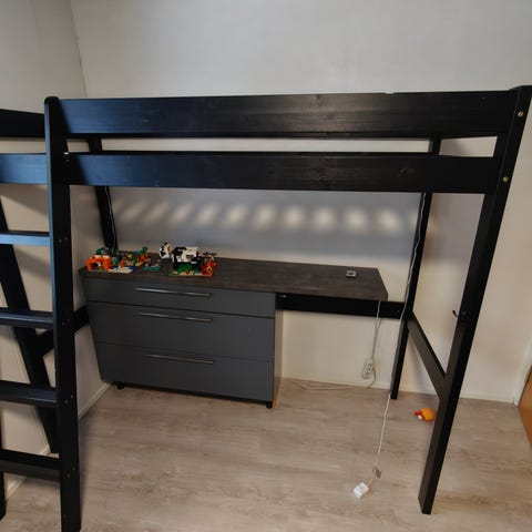 Valkoinen parvisänky lastenhuoneeseen. Sänky on suunniteltu säästämään tilaa ja soveltuu lasten käyttöön. Kokopuu, painoraja 100kg.
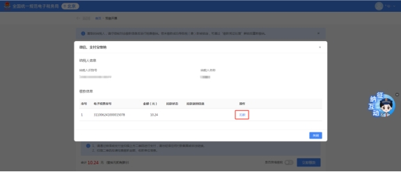 進入后,可以看見自己審核通過的發(fā)票,可以查看詳情及繳稅,點擊繳稅,進入繳稅流程。
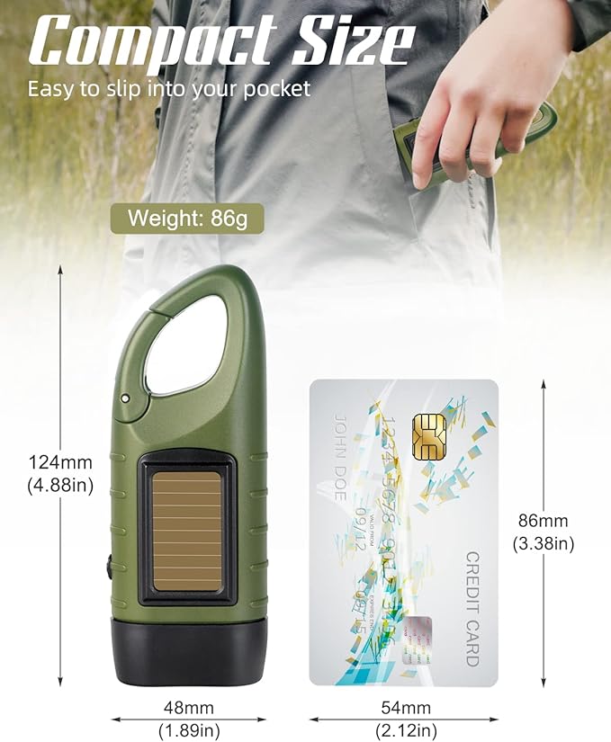 - Real Compact & Convenient Carabiner: This emergency flashlight is small enough even for a little girl’s hand. Size: 124 x 48 x 32mm. Weight: 86g. Perfect for being carried for trips, takes almost no space of your bag. Plus, thoughtful carabiner allows you to clip it securely outside your backpack, belt or keychain, enhancing mobility while letting the flashlight being charged by the sun during outdoor activities.
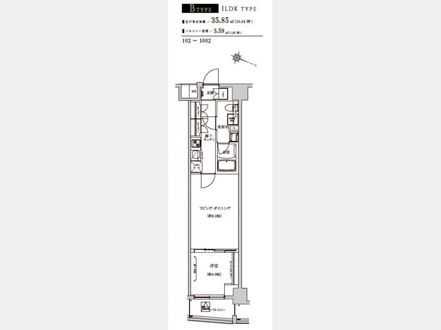 | 敷金/礼金 | なし / なし | 専有面積 | 35.85m² |

What you have to do:
In the copy, include no pictures; restate the listing above exactly.

Written reply:
 Valkoinen parvisänky lastenhuoneeseen. Sänky on suunniteltu säästämään tilaa ja soveltuu lasten käyttöön. Kokopuu, painoraja 100kg.
 進入后,可以看見自己審核通過的發(fā)票,可以查看詳情及繳稅,點擊繳稅,進入繳稅流程。
 - Real Compact & Convenient Carabiner: This emergency flashlight is small enough even for a little girl’s hand. Size: 124 x 48 x 32mm. Weight: 86g. Perfect for being carried for trips, takes almost no space of your bag. Plus, thoughtful carabiner allows you to clip it securely outside your backpack, belt or keychain, enhancing mobility while letting the flashlight being charged by the sun during outdoor activities.
 | 敷金/礼金 | なし / なし | 専有面積 | 35.85m² |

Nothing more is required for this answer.